After the war countries, realized that if the use of force among states was free in their international relations, then countries would not be able to live peacefully together.
That’s why the designers of the UN charter included the prohibiting of the use of force in Article 2, paragraph 4 of the charter, which according to the International Court of Justice in the Congo-Uganda case (in 2005) is the cornerstone of the UN charter, which caused international relations to take a step towards a mutually peaceful existence.
In other words the prohibition of the use of force in international relations is based on the respect for the life of individuals. Even though this might be an inappropriate comparison, international life could not have another meaning other than territorial integrity and the non-use of force.
In paragraph 4 of Article 2 of the UN charter, we have Article 51, which allows countries to defend themselves when they are threatened or are victims of any military force. The nature of this right lies in the recognition of a principle which is the infrastructure of international life. In other words, we have the legitimate defense against the prohibition of the use of force that is said to have migrated from domestic systems to the international system.
However this defense should be within the UN charter framework and its paragraph 4 of Article 2. This means that the principle is based on the non-use of force unless a country illegally uses force and it is then that a country that has fallen victim to that force that can legally defend itself.
The condition for a legitimate defense is when an armed attack has taken place; which is a disputable point in itself. The issue of preventive or pre-emptive self-defense stems from this right as well.
After the UN charter was ratified, some powerful countries of the time such as the Soviet Union and the United States conducted some acts that could be construed as the misuse of the rightful defense. The Soviet Union began military interventions in countries like the former Yugoslavia, based on Bergenhof theory, and labeled it as rightful defense. The US intervened in Granada, the Dominican Republic and some other countries based on the concept of protection for the free world.
The stance of countries in regards to the recognition of the meaning of the preventive right of defense is determinant in this case. Many countries were against the preventive right of defense and voiced their disagreement in the UN and through conventions and declarations. On some occasions some countries referred to the constant threats they received to their national security, based on which they could play the rightful defense card.
It should not be forgotten that according to international law, preventive right of defense could only take place when in a war zone or an air maneuver the aircrafts of a country take an attack position or shoot enticingly, which could be signs of an actual attack. Naturally, in such a case the right to a rightful defense is formulated. The UN can itself vote for a use of force against threats or the violation of peace if the majority plus 5 of the permanent members of the Security Council agree with it. But individual countries cannot use force themselves. As mentioned, according to the International Court of Justice this is the cornerstone of the UN charter and if this principle is compromised then the whole UN charter and International Law will be under question.

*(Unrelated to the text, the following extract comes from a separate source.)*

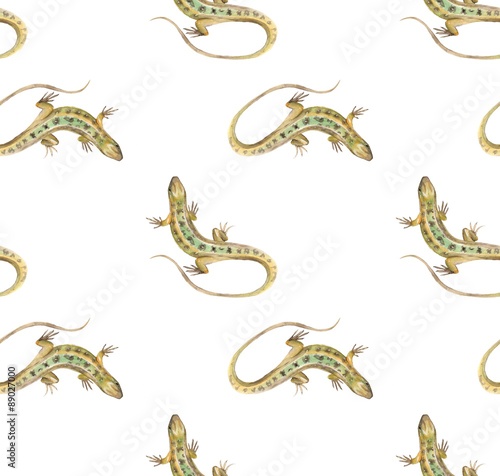 © Gribanessa, Fototapeta premium Lizard. Watercolor seamless pattern. Art background 1

There are two main theories about the preventive right of defense:
1- The preventive right of defense
2- The pre-emptive right of defense
The first right could be used as in the case mentioned above where an attack is obvious. But powerful or abusive countries could emphasize a full-scale attack where no specific armed attack has taken place, or the attacks have to be resolved through peaceful negotiations.
For example in the case of Iran’s nuclear dossier, where they claim that Tehran is pursuing the development of nuclear weapons, they consider it a right for either regional or other countries to conduct pre-emptive defense against Iran.
It should be said that no country is allowed to conduct any military operation against a country that it assumes is developing arms in order to later attack other countries, based on the absolute ban indicated in Article 4.
Many international law theorists and International Court of Justice judges do not believe in the pre-emptive right of defense, and they have voted against it in the case of Iranian oil wells and the US as proof.